The best theorists of brinkmanship are the Nobel Prize-winning game theorist Thomas Schelling and the novelist Dashiell Hammett.  Schelling wrote that brinkmanship is “the tactic of deliberately letting the situation get somewhat out of hand, just because its being out of hand may be intolerable to the other party and force his accomodation.” In the 1941 film adaptation of Hammett’s “The Maltese Falcon,” Sam Spade, famously played by Humphrey Bogart, tells Kasper Gutman that Kasper cannot get the secret of the Maltese Falcon out of him by threatening to kill him, because if Kasper kills him, the secret will die with him. Kasper replies: “In the heat of action, men are likely to forget where their best interests lie, and let their emotions carry them away.”  In other words, effective brinkmanship must involve getting carried away and giving up control.  If I play “chicken” with another driver, if I put a large visible lock on my steering wheel, making it impossible for me to swerve, my opponent must swerve because I have no choice. By deliberately losing my ability to steer the car, I win.

But that’s not what the Republicans have done. If Speaker John Boehner simply let the House vote on the Senate’s “clean” funding measure unrelated to the Affordable Care Act, it would almost certainly pass: all that is necessary is for 17 Republicans to join with the 200 Democrats, and already 12 Republicans have stated that they would.  Boehner is in control.  He can end the standoff more or less instantly.

Given the power he has to end the standoff, Boehner might be thinking that he can control the shutdown’s downside risk, satisfying the far right as much as possible until the national polls start to really turn against the Republicans. Perhaps the reason we are in this mess is because we can relatively easily get out of it. But this doesn’t get him as much leverage.

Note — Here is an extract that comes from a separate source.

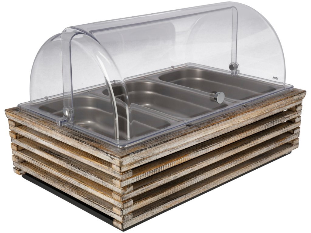 Chladiaca vitrína pozostávajúca zo základnej skrinky vysokej z masívneho dreva, základnej tácky z vysokokvalitného plastu s tepelnou odolnosťou do 70 °C, zodpovedajúceho polyetylénového obalu na ľad, 3 x 6,5 cm hlbokej GN nádoby 1/3 z chrómniklovej nehrdzavejúcej ocele 18/10, nerez, s praktickým stohovacím vačkom, zosilnenými rohmi a hranami a litrovou stupnicou a nerozbitné rolovacie veko Sturgis z vysokokvalitného Tritanu (neobsahuje bisfenol A) s protišmykovým pogumovaným dorazom na tiché otváranie a zatváranie. Nádoba GN je vhodná do umývačky riadu, všetky ostatné časti nie.Dodatočné parametre

If Boehner were to engage in true brinkmanship, he might threaten, for example, to resign as Speaker and throw the House into chaos.  By threatening to deliberately lose control, he can say to the Democrats that they can either negotiate with him or negotiate with the true crazies.  In other words, Boehner’s ability to singlehandedly end the standoff makes his bargaining power lower, not higher.

Republicans who want to win a national election someday have to figure out how to discipline or pay off those House Republicans who care only about primary challenges in their quite conservative local districts. But maybe this is impossible. Maybe there are no custodians of the Republican brand nationally.  It is hard to imagine how Republicans as a whole benefitted from the endless chaotic debates in the 2012 Republican primary, for example.  If no one is in control of the Republican party nationally, then brinkmanship is not possible because deliberately giving up control requires having control in the first place.

Michael Chwe, the author of Jane Austen, Game Theorist, is Professor of Political Science at UCLA. The views expressed are solely his own.